Estar em casa



Então aqui estou a caminho de Atenas, oscilando entre a ansiedade e a calma. Com o pensamento muitas vezes no Tomé, o que me faz chorar e rir nos locais mais estranhos... trouxe a t-shirt que ele tem vestida comigo. E depois de escrever este texto não podia escolher outra imagem senão esta.

É engraçado como tantas pessoas pensam que sou uma pessoa calma. Já expliquei que não sou calma, sou controlada. Se não fosse controlada não poderia viver uma vida normal. 

Nós, as pessoas "calmas" aprendemos cedo que é mais difícil voltar a controlar-se depois do descontrole do que manter o controlo logo de inicio. E geralmente aprendemos isso no decurso de uma infância bizarra. Eu diria que bizarra é uma óptima palavra para descrever.

Adoro ler descrições dos adultos do ponto de vista das crianças, são tão incrivelmente incisivas. Como ainda não têm véus conseguem ver de formas que já não conseguimos ver-nos, nem conseguimos ver os outros. Com uma mistura de incredulidade e bom senso.

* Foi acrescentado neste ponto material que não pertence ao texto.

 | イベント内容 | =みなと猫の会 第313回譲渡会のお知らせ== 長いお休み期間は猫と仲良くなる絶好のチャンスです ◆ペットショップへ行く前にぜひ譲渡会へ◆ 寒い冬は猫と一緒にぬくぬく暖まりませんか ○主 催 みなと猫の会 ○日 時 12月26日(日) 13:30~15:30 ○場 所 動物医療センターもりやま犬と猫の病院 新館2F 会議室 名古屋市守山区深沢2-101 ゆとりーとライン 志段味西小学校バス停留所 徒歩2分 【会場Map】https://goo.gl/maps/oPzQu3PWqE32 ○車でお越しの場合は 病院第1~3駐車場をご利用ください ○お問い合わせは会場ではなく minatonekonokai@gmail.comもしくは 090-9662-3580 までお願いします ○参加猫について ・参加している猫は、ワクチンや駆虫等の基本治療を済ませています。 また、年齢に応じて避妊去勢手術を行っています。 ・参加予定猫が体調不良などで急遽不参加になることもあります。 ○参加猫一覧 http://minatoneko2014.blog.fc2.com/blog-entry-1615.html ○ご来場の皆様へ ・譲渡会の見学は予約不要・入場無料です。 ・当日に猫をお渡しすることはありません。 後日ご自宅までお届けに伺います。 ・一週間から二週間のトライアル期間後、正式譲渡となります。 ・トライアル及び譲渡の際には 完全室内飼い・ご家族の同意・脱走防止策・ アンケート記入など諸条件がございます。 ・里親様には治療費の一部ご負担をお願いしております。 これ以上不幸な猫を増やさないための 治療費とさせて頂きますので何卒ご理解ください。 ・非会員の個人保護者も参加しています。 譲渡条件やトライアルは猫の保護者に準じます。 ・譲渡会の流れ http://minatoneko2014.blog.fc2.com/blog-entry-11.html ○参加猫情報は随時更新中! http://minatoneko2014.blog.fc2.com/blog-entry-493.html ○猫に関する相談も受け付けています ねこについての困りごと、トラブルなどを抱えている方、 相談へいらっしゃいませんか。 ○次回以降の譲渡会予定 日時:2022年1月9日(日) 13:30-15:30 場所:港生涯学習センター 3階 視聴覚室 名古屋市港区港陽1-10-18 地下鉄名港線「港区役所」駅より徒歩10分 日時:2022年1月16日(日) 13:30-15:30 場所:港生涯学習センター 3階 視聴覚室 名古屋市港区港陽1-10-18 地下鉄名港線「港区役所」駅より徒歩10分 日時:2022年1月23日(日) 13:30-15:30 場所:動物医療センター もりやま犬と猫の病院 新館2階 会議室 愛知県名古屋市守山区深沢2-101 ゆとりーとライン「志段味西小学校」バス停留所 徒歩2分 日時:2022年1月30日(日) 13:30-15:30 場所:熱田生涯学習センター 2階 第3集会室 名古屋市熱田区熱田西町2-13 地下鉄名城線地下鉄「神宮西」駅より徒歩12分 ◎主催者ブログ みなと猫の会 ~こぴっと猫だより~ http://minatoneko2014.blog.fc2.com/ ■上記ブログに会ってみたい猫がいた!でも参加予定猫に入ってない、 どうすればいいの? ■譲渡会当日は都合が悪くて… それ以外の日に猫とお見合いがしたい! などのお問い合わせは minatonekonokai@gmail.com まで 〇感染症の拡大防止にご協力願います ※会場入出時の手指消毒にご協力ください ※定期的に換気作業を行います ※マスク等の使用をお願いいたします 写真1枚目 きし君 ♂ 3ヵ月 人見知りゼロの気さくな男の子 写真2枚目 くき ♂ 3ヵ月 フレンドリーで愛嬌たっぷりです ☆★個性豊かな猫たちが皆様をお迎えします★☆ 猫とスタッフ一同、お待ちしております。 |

No mundo das crianças os adultos não fazem sentido. E não acho de todo que estejam a ver mal. Normalmente resta tão pouco de selvagem em nós ao fim da infância que dificilmente somos reais. Comportamos-nos como personagens de uma história que escolhemos para nós próprios e encaixamos os outros nessas história. Até as crianças. 

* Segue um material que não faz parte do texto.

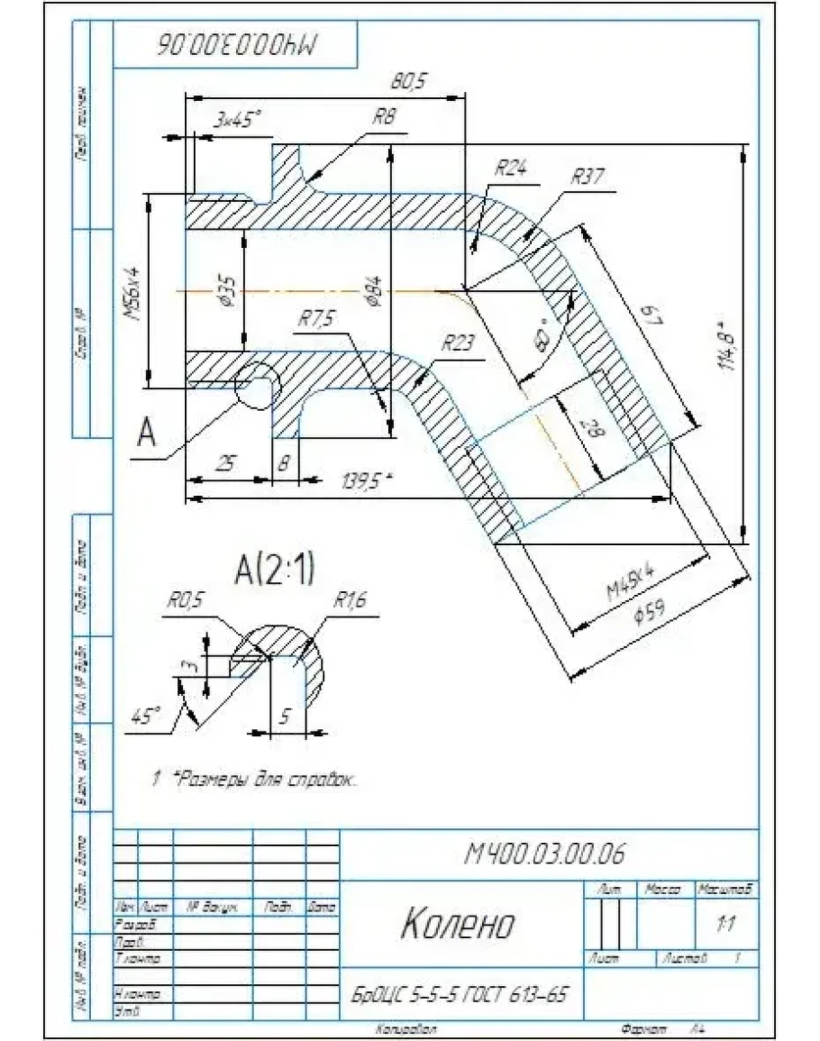 МЧ00.03.00.06 колено - чертеж детали

O caso é que como crianças compreendemos muito mais do que se imagina. Lembro-me perfeitamente de perceber que os adultos estavam a actuar, simplesmente não percebia porquê. Era muito assustador. Seria eu a única pessoa a sério e os outros todos actores?
É tão assustador que temos que afastar essa ideia da cabeça sob risco de enlouquecer. 
E enterrá-la num sitio tão remoto que já nem nos lembramos dele.

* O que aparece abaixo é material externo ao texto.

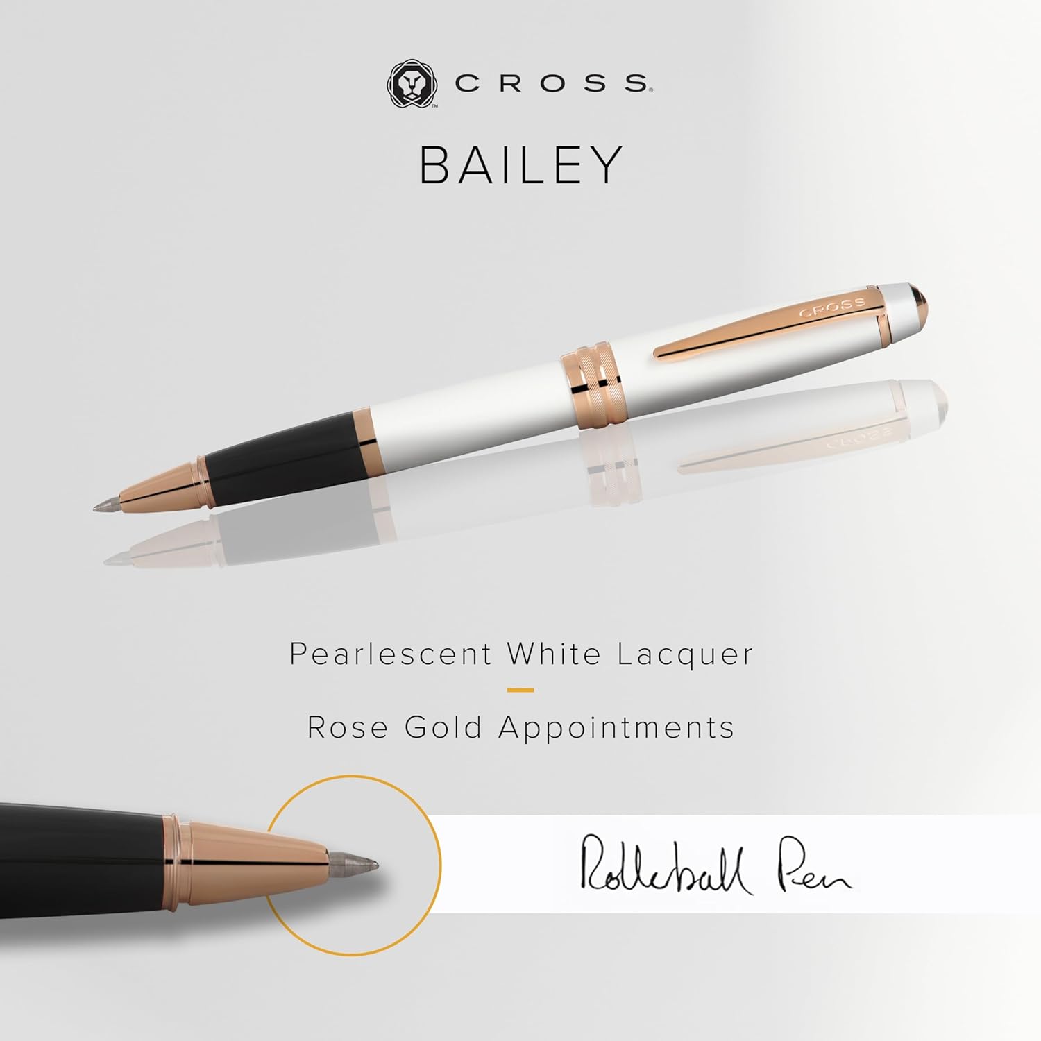 Cross Bailey Refillable Rollerball Pen Presented in a Premium Gift Box - Medium Point, Black Ink, White & Rose Gold

Lembro-me claramente de um dia hà muitos anos com a minha amiga Maria João, O exercício era fechar os olhos e dizer como saberia que tinha chegado a casa. O que me veio à mente foi uma caminho no meio de ervas altas e uma fila de pessoas que vinha ao meu encontro. Á frente vinha um homem jovem com barba que olhava para mim nos olhos. 
Quando abri os olhos sabia a resposta, saberei quando chegar a casa porque serei recebida sem medo nos olhos. Sem cautela. De uma forma selvagem.

Há poucos momentos assim. No meu trabalho como terapeuta sei que é comum as pessoas passarem pela vida sem isto. Sem estarem com outro sem medo e sem que outros estejam com elas sem medo. Pode parecer repetitivo mas é a tal coisa do coração aberto. Não sei dizer de outra maneira. E é muito mais do que dizer Namasté. 

Não acho que devamos estar de coração aberto a toda a hora. Temos que saber pesar e medir os riscos. Há por aí tanta gente que está em sofrimento e que ataca antes de fazer perguntas. O coração é demasiado precioso para ser exposto desprotegido. Mas é essencial encontrar sítios onde largar o personagem ou parte dele e treinar esse estado, de estar em casa. Os nossos corações magoados precisam disso para poder recuperar. Pelo menos o meu precisa, e o teu?